The job of regulating immigration was left to states like Massachusetts and New York, which passed laws continuing colonial policies restricting the immigration of criminals, paupers, or those with contagious diseases. States charged ship owners a head tax for each immigrant to pay for the care of poor and sick immigrants and required the posting of a bond for those immigrants deemed likely to become public charges. Although state laws would foreshadow the future of federal immigration regulation, they were weakly enforced, and few immigrants were excluded.

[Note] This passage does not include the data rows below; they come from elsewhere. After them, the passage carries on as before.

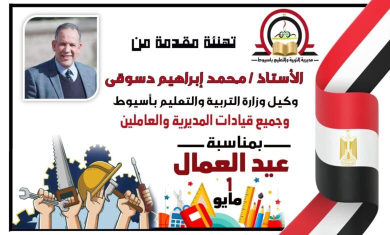 قدم محمد ابراهيم دسوقى وكيل وزارة التربية والتعليم بأسيوط ،خالص التهانى وأطيب التمنيات للسيد محمد عبد اللطيف وزير التربية والتعليم والتعليم الفنى ولواء محمد علوان محافظ أسيوط وجميع القيادات التنفيذية وجموع المعلمين بالمحافظة بمناسبـة الاحتفال بعيد العمال ، والذى تحتفل به الدولة في الأول من مايو كل عام، متمنياً دوام التوفيق والسداد ولمصرنا الغالية الاستقرار والأمان والخير والسلام .
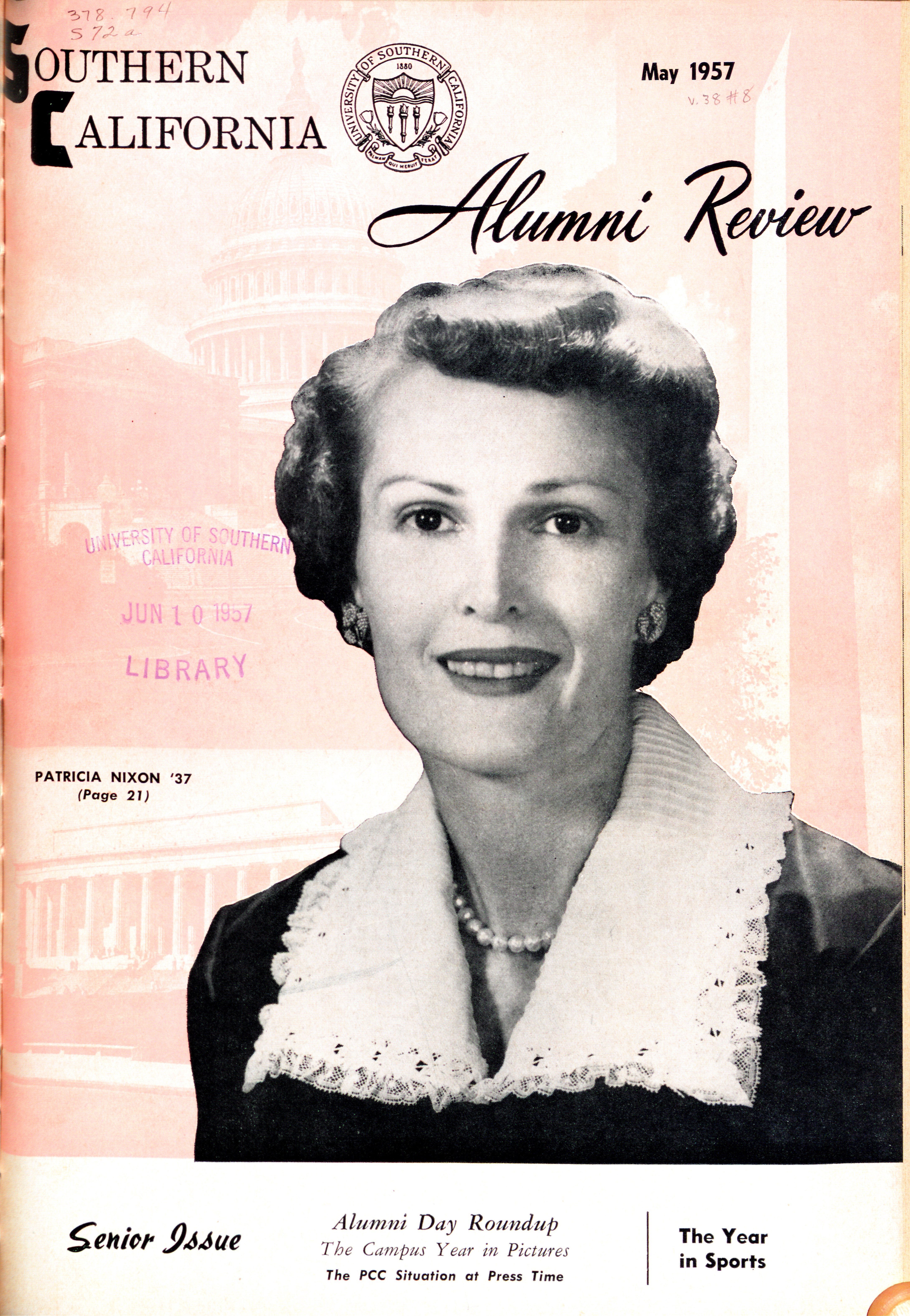 Pat Nixon again gracing the cover of “Southern California Alumni Review” after beginning her second term as Second Lady of the United States. This May 1957 article discussed Pat Nixon being awarded the Asa V. Call trophy, the highest honor from USC
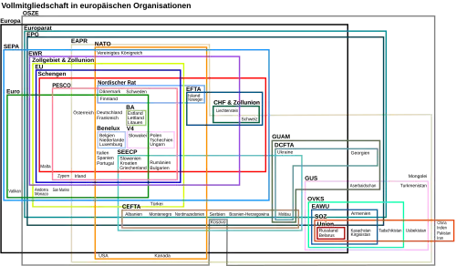 Bedeutende politische Bündnisse Europas sind vor allem der Europarat und die Europäische Union. Die Eurozone besteht als größtes Währungsgebiet auf dem Kontinent.
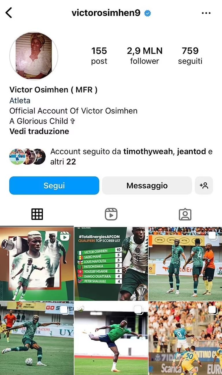 واكتفى أوسيمين بالصور التي يتواجد فيها مع زملائه في المنتخب النيجيري، أو وهو يلعب مع النسور الخضر، مع الاحتفاظ بمنشور واحد مرتبط ببطل إيطاليا.
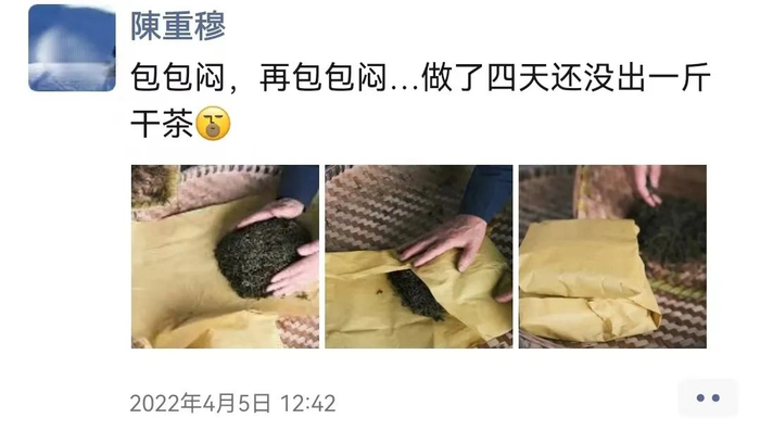 其次,闷黄工艺看似简单,其实极为复杂。因各茶产区的气候、茶树品种不同,仅闷堆的形式就有数种,如湖南宁乡的伪山毛尖多在鲜叶揉前堆积闷黄、平阳黄汤则揉捻后闷黄、君山银针须得初复烘后使用纸包低温焖黄、霍山黄芽一般会薄摊闷堆,等等工艺方式,不一而足。
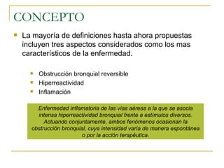 El documento describe el asma bronquial, definiéndolo como una enfermedad inflamatoria de las vías respiratorias que causa obstrucción reversible e hiperreactividad bronquial. Explica que afecta al 3-7% de la población y es más común en niños y mujeres jóvenes. Detalla las lesiones causadas, los mecanismos inflamatorios como la acción de eosinófilos y mastocitos, y los tratamientos como glucocorticoides y broncodilatadores.
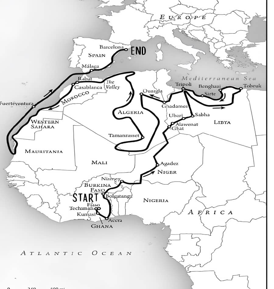 Ousman Umar starts his story in a small village in Ghana. At a young age, he decides to embark on a perilous journey to Europe, driven by the hope of finding opportunities that are scarce in his homeland. His path takes him through Togo, Burkina Faso, Niger, and into the unforgiving expanse of the Sahara Desert.
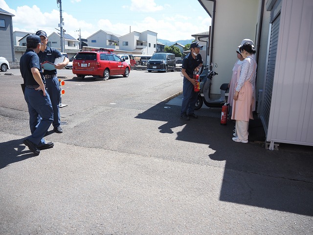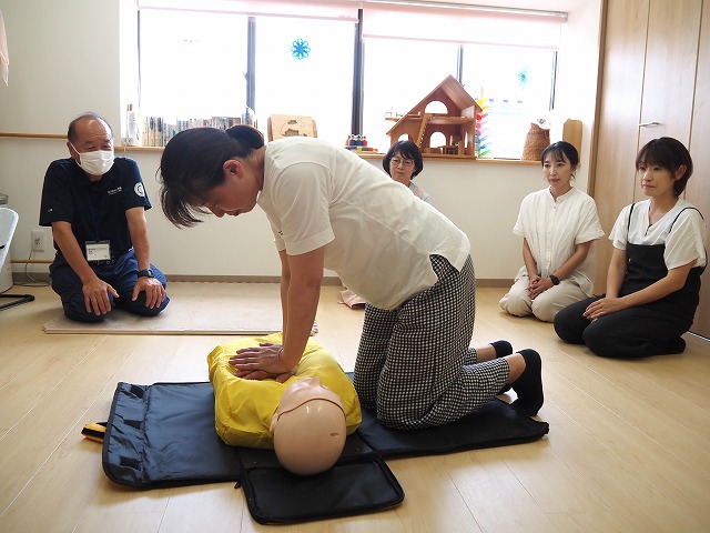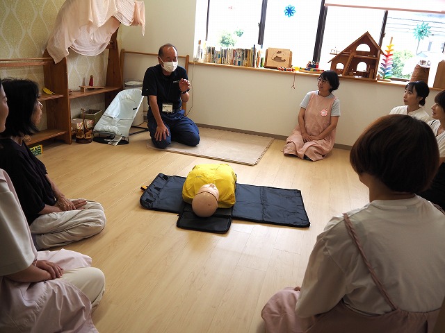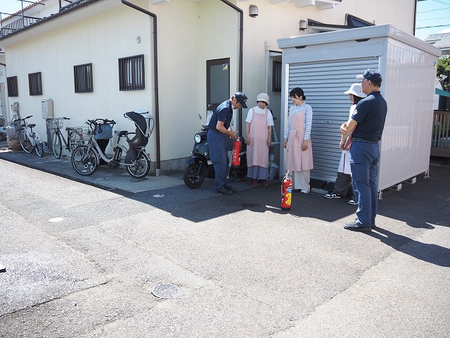🚒毎年消防士さんに来て頂き、小さなお子さん対象の救急救命講習をスタッフ全員3時間受けています。毎年受けることで忘れていたことや新たに気づくこともあり、定着を目指しています。また、毎月避難訓練を実施していますが、年1回消防士さんによる消火訓練を実施しています。本番さながら非常ベルを鳴らし、実際に119番通報します。水消火器を使い消火器の使い方も習います。子どもたちの安全を守る為毎年行なっていきます。
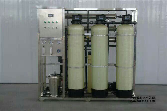 微型水處理設備的工藝流程:原水→原水加壓泵→多介質過濾器→活性炭過濾器→軟水器→精密過濾器→一級反滲透→PH調節(jié)→中間水箱→二級反滲透→純水箱→純水泵→微孔過濾器→用水點。
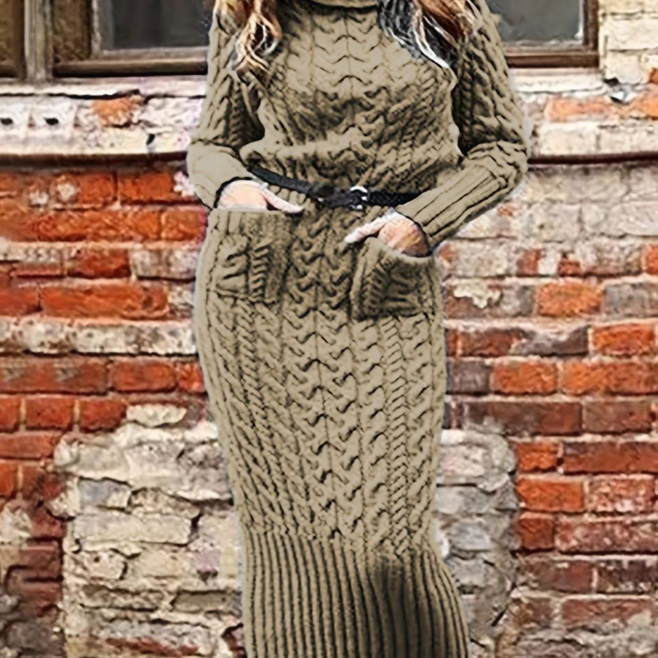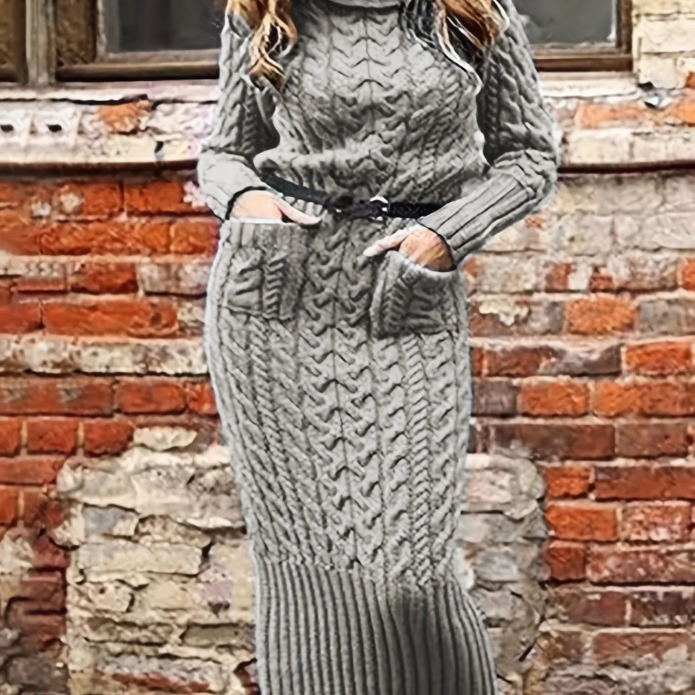 Solid Cable Knit Sweater Dress, Casual Turtleneck Long Sleeve Pocket Front Dress, Women's Clothing

It would be up to private individuals and organizations to protect immigrants from abuse. Ethnic solidarity prompted the creation of immigrant aid societies. New York’s Irish already had some success in this endeavor, forming the Irish Emigrant Society in 1841 to “afford advice, information, aid and protection, to emigrants from Ireland, and generally to promote their welfare.” In 1847, it teamed up with the German Society and lobbied New York State to create the Board of Commissioners of Emigration, which consisted of the mayors of New York and Brooklyn, the heads of the German and Irish Emigrant Societies, and six others appointed by the governor.

A head tax of $1 would be assessed on each immigrant, to be collected by the board. With the money, the board opened the Emigrant Hospital and Refuge on Ward’s Island to care for sick immigrants. By 1854, the board was caring for over 2,500 immigrant patients.

The timing of the idea could not have been better. In 1847, the potato famine in Ireland had begun to drive out large numbers of Irish. For the next few years, poor Irish refugees, fleeing starvation and death, flooded American ports. Nearly 3 million immigrants landed in the United States from 1845 to 1854. Many of them ended up in New York City. Between 1840 and 1850, Manhattan’s population increased by 65 percent; by 1855 over one-half of the city’s 629,904 residents were immigrants and over one-quarter of New Yorkers hailed from Ireland.

If the Board of Commissioners was going to be successful in protecting this flood of immigrants from the predations of runners, it would need its own reception center for new arrivals, a place where immigrants would be processed, their needs met, and their interests protected. For this purpose, in April 1855, the board chose Castle Garden as its immigration depot.

The Board of Commissioners laid out the major benefits of Castle Garden. First and foremost, it would allow for a quicker and easier landing for immigrants and free them from the clutches of immigrant runners, allowing them to land “without having their means impaired, their morals corrupted, and probably their persons diseased.” The board would also begin keeping track of the numbers of immigrants arriving and where they were heading.

The altruism of the board and its interest in the welfare of immigrants was genuine. Not surprisingly, it ran into a good deal of resistance to its idea of converting what had formerly been the city’s premier music hall into an immigration-processing station. City officials were leery of the idea. This would be a state-run program—generating lots of money through the head tax—right in their backyard, and all local officials would get were two seats on the ten-person board.

Wealthy New Yorkers and businessmen in the city’s First Ward also opposed the plan, fearing that an immigrant depot in their neighborhood would cause a decline in property values. They worried that immigrants would bring “pestilential and disagreeable odors” that would blow into the windows of respectable homes in the summertime. Many had hoped that the newly expanded Battery around Castle Garden would become a pleasant harbor-view promenade, but the board had thwarted those plans.